You rest on your back, sheets drawn to your collarbone. You're not shy with him anymore, still, the gesture feels natural, a kind of softness after heat, as though wrapping your bare skin in cloth lets you lean into the feeling of safety.
He's watching you. He always watches, as though committing every line of your body to memory, as though memorisation could guard against loss. His gaze drags slowly from your face down to where your hand clutches the sheet, then back again. He does not smile, he rarely does, but his eyes are softened, dark and thoughtful, like he is trying to shape words but cannot yet find them.
You stretch a little, catlike, and your knee brushes against his thigh. The faintest shift of muscle tightens beneath your touch.
“Are you staring at me?” you murmur, breaking the hush.
His lips twitch, just barely. “I am,” he admits. His voice is low, warm, frayed at the edges, still rough.
“You make it sound like a sin.”
“Perhaps it is.”
“Then we are both guilty.”
That pulls a sound from him, soft and close to a laugh, though he smothers it almost immediately with a shake of his head. Louis leans down instead, brushing his mouth over your temple, the tip of your cheekbone. He lingers there, his breath cool against your skin, the faintest scrape of fang hidden, controlled.

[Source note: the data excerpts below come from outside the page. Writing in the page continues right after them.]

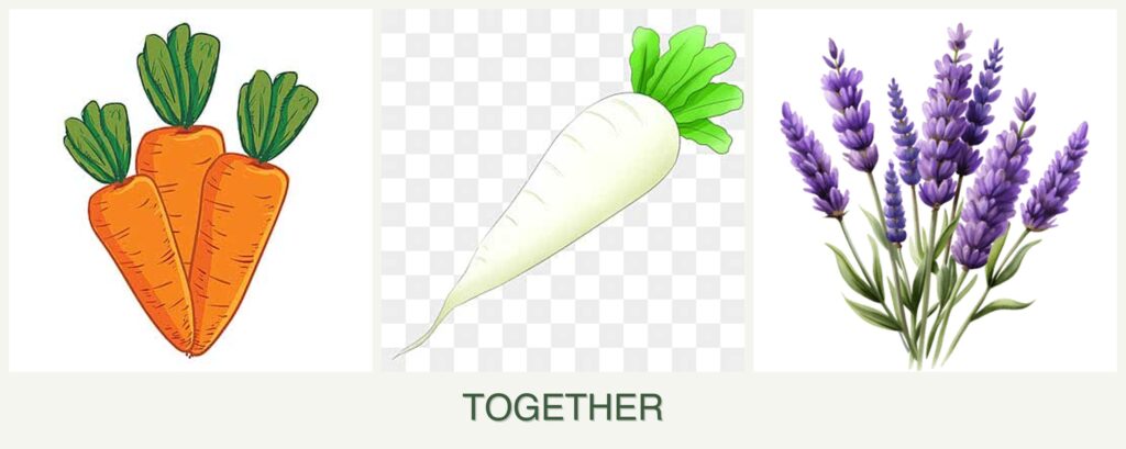 - Nutrient Needs: Carrots and radishes have similar nutrient requirements, whereas lavender is less demanding.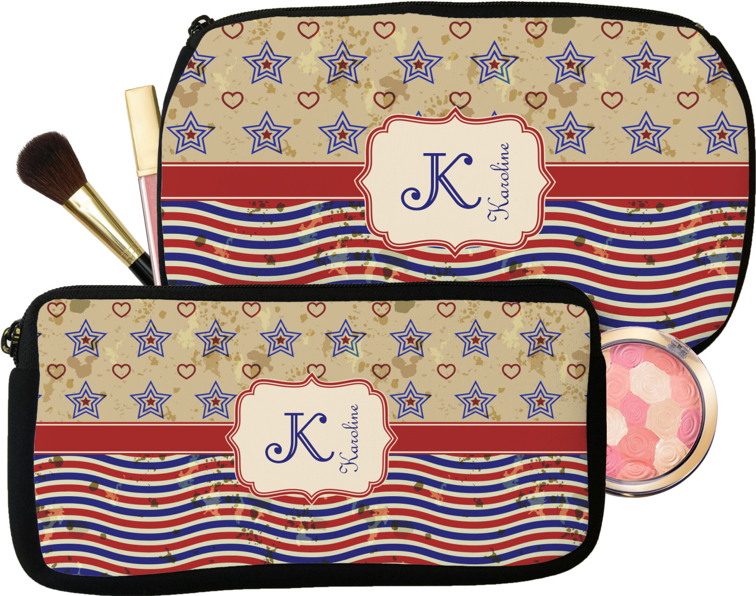 Our personalized makeup bags are available in many different designs, patterns and colors - so you are sure to find one that will love. They are made of neoprene (same material as wet-suits) and thus are water resistant, so spillages in your makeup bag will not end up all over you purse. They are customized on one side and are black on the other side and the zipper is black as well.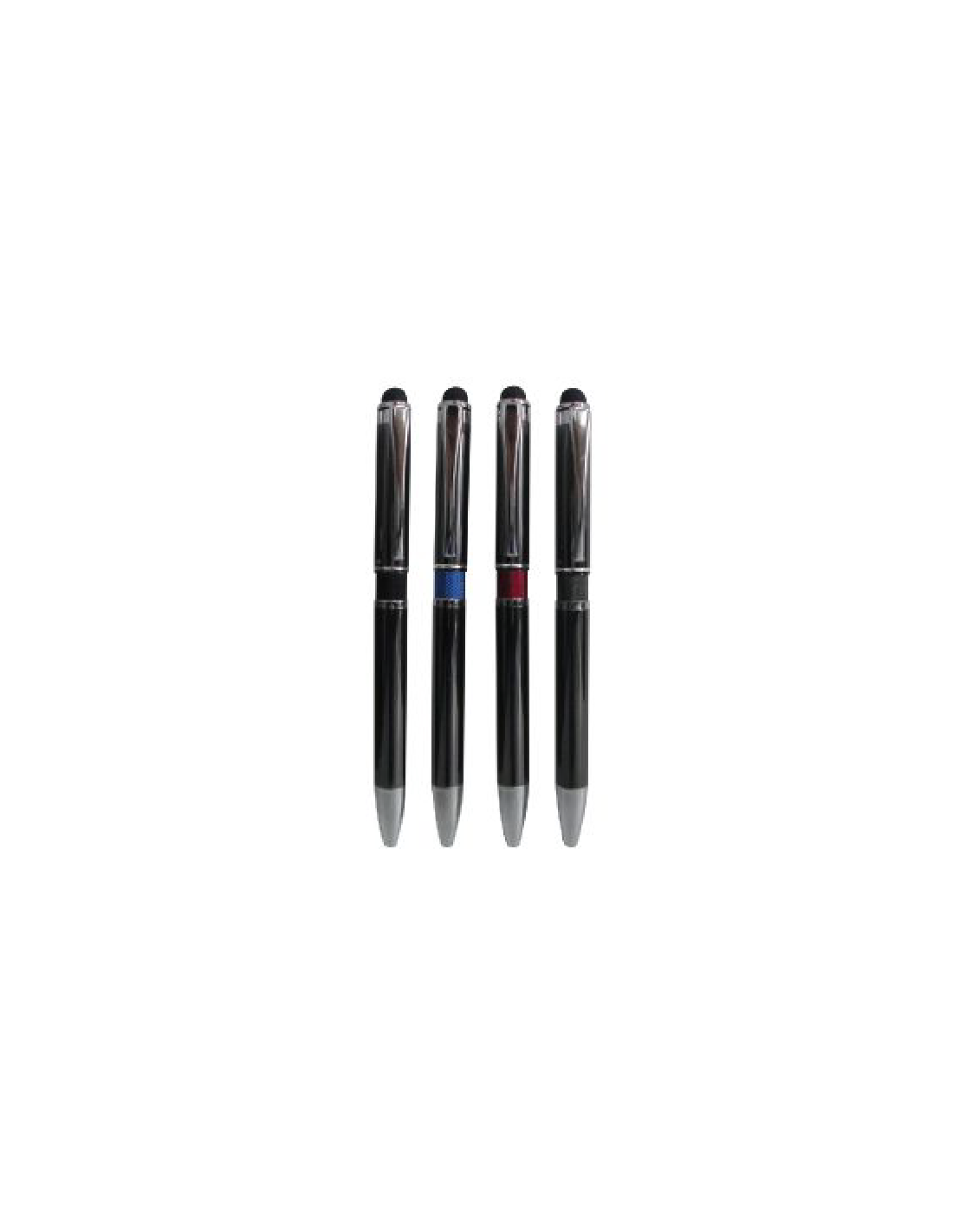 Lapiceros Metalico de sistema retractil, con punta touch en la parte superior para pantallas táctiles. (Tablets, celulares, etc). Lapicero Touch Publicitario con Colores: Cuerpo color Gun, con anillo al centro color azul, rojo, negro, g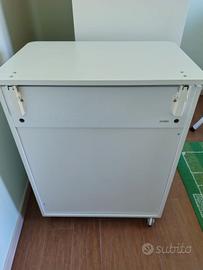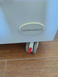 Fasciatoio Foppapedretti in legno con vaschetta per bagnetto estraibile e tre cassetti. Ruote gommate antigraffio con freno. No materassino. 69 cm lunghezza. 89 cm altezza. 47 cm profondità. Unico difetto disegni scoloriti. Solo ritiro venduto intero.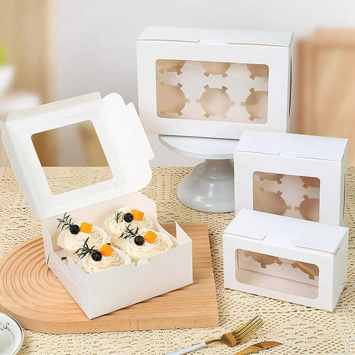 Accepter 4 trous recyclable Cupcake Box Matt Lamination Gaufrage pour célébration de mariage Carton blanc Emballage alimentaire pour bébé

You’ve grown used to the differences between you, like the way his skin carries no heat of its own. You know it should unnerve you, that reminder of what he is, but it doesn’t. His restraint is as familiar to you as his touch.
He draws back just enough to look at you again. His hand trails along your collarbone, the weight of it feather-light, hesitant even now. Always hesitant, as if he fears pressing too hard, taking too much.
“You're very quiet tonight,” you say.
“And you would rather I chatter on endlessly?”
“I would rather you tell me what you're thinking.”
That earns you a long pause. His thumb brushes your shoulder, back and forth in a rhythm that betrays thought, a stalling habit.
“I think,” he says finally, “that I cannot quite believe you are here.”
You laugh softly, rolling toward him, pressing your forehead to his. “Where else would I be?” He doesn’t answer. You can feel the words he doesn’t say.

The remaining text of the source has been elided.